Depuis longtemps, il était devenu persona non grata à Dublin, du fait de ses positions sur le soulèvement de Pâques. Dans la pièce elle-même, O’Casey traite ironiquement de son image publique. Le personnage dont se sert l’auteur pour exprimer son opinion est celui d’un révolutionnaire de salon lâche et dogmatique nommé le Covey (un terme de l'argot de Dublin signifiant pédant, "Monsieur-Je-sais-tout"). C’est lui qui déclare que l’ICA a trahi La Charrue et les Etoiles  tout en assistant  à la révolution nationaliste des classes moyennes, et qui qualifie le discours de Pearse de "drogue" en critiquant le soldat socialiste britannique Stoddard pour avoir abandonné l’internationalisme face à la guerre mondiale.

O’Casey et le mouvement ouvrier

La pièce La Charrue et les Etoiles est le couronnement d’une transformation remarquable dans le développement artistique et dans la vision du monde de Sean O’Casey. Tout d’abord, il fut l’auteur de pièces de propagande pleines d’argumentations complexes (dans le style de son contemporain George Bernard Shaw, célébré à Dublin), mais généralement considérées de faible valeur artistique. Dans la première moitié des années 1920, il produit, presque coup sur coup, trois grandes pièces dramatiques, la "trilogie de Dublin". Il s’agit de pièces historiques à caractère contemporain, traitant chacune de façon polémique d’un événement majeur : L’Ombre d’un Franc-tireur (la guerre de l’IRA contre la domination britannique), Junon et le Paon (la guerre civile irlandaise), et La Charrue et les Etoiles. Plus tard, ses pièces atteignirent rarement à nouveau la même qualité artistique. Cette production inégale a conduit certains à parler de "l’énigme O’Casey". Les nationalistes irlandais ont essayé d’expliquer le déclin relatif de cette créativité à partir de 1930 par son émigration, comme s’il ne pouvait produire de grand art sans avoir le "sol natal"  sous les pieds. Mais rapidement après avoir gagné Londres, O’Casey écrivit une autre pièce historique puissante, The silver Tassie. Elle est basée sur son expérience de patient dans un hôpital de Dublin (étant soigné pour des maladies qui résultaient directement de sa pauvreté), où il partageait des salles avec de nombreuses victimes de la Première Guerre mondiale qui faisait rage alors. C’est une furieuse condamnation de la guerre impérialiste (que l’Abbey Theater sous contrôle de l’Etat refusa de donner).
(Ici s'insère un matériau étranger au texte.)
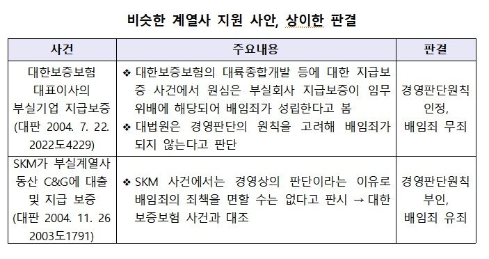 최 교수는 "그룹내 부실 계열사에 대한 지급 보증이 배임죄로 문제가 될 경우, 법원은 경영판단원칙을 인용해 무죄로 판결하기도 하고 회사에 손해를 끼칠 위험이 있다는 이유로 경영판단원칙을 부인하기도 했다"면서 "결국 기업들은 배임죄 처벌 위험과 법원의 비일관된 경영판단원칙 적용으로 이중고를 겪는 상황"이라고 밝혔다.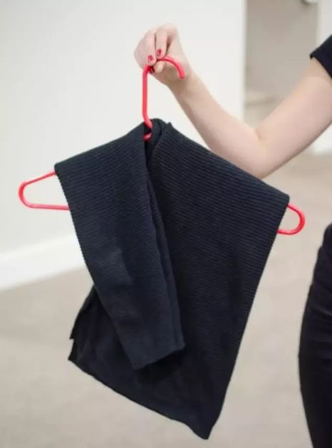 毛衣类的其实不适合挂着,会容易变形,可以用这种方法挂起来,也可以叠起来收纳。

En réalité, l’épanouissement d’O’Casey était possible grâce aux idées qui l’inspirèrent à l’époque – celles qui sont mises en avant par le surgissement de luttes ouvrières dès le début de la Première Guerre mondiale, et leur confirmation à travers la révolte ouvrière contre la guerre, surtout la révolution de 1917 en Russie. Il fut un des premiers à mettre la vie des prolétaires au centre de la littérature mondiale, montrant la richesse et la diversité de leurs personnalités. Il fut peut-être le premier à mettre en scène le langage le plus populaire. Il se plaisait dans le langage imagé, le rythme irrésistible et les exagérations baroques des habitants des taudis de Dublin, sachant mettre en valeur la façon dont ils se servaient de la rhétorique pour enrichir leurs vies austères et y gagner le sens de la dignité.

En ce sens, son évolution artistique est inséparable des changements dans sa vision générale du monde. A l’origine, O’Casey était un nationaliste républicain irlandais fanatique. Né dans une famille éduquée mais frappée par la pauvreté, il ne suivit que trois années de scolarité et devint très jeune un ouvrier non-spécialisé et sous-alimenté. A l’époque, le taux de mortalité infantile à Dublin était plus élevé que celui de Moscou ou de Calcutta. Malgré le handicap d'une grave maladie des yeux, il s’éduqua tout seul, devenant un lecteur avide de littérature. A un âge précoce, il devint militant de la Ligue Gaélique, de la Fraternité Républicaine Irlandaise et d'autres groupes nationalistes. Mais du fait même de sa condition d’ouvrier, il était presque inévitable que son développement artistique dépende largement de l’évolution du mouvement socialiste. Ce fut le développement de la lutte prolétarienne qui lui fournit cette sensibilité créatrice, tout comme son déclin artistique ultérieur fut lié à la perversion de ses principes avec la défaite et le reflux de la révolution mondiale dans les années 1920 (O’Casey devint alors un stalinien indécrottable).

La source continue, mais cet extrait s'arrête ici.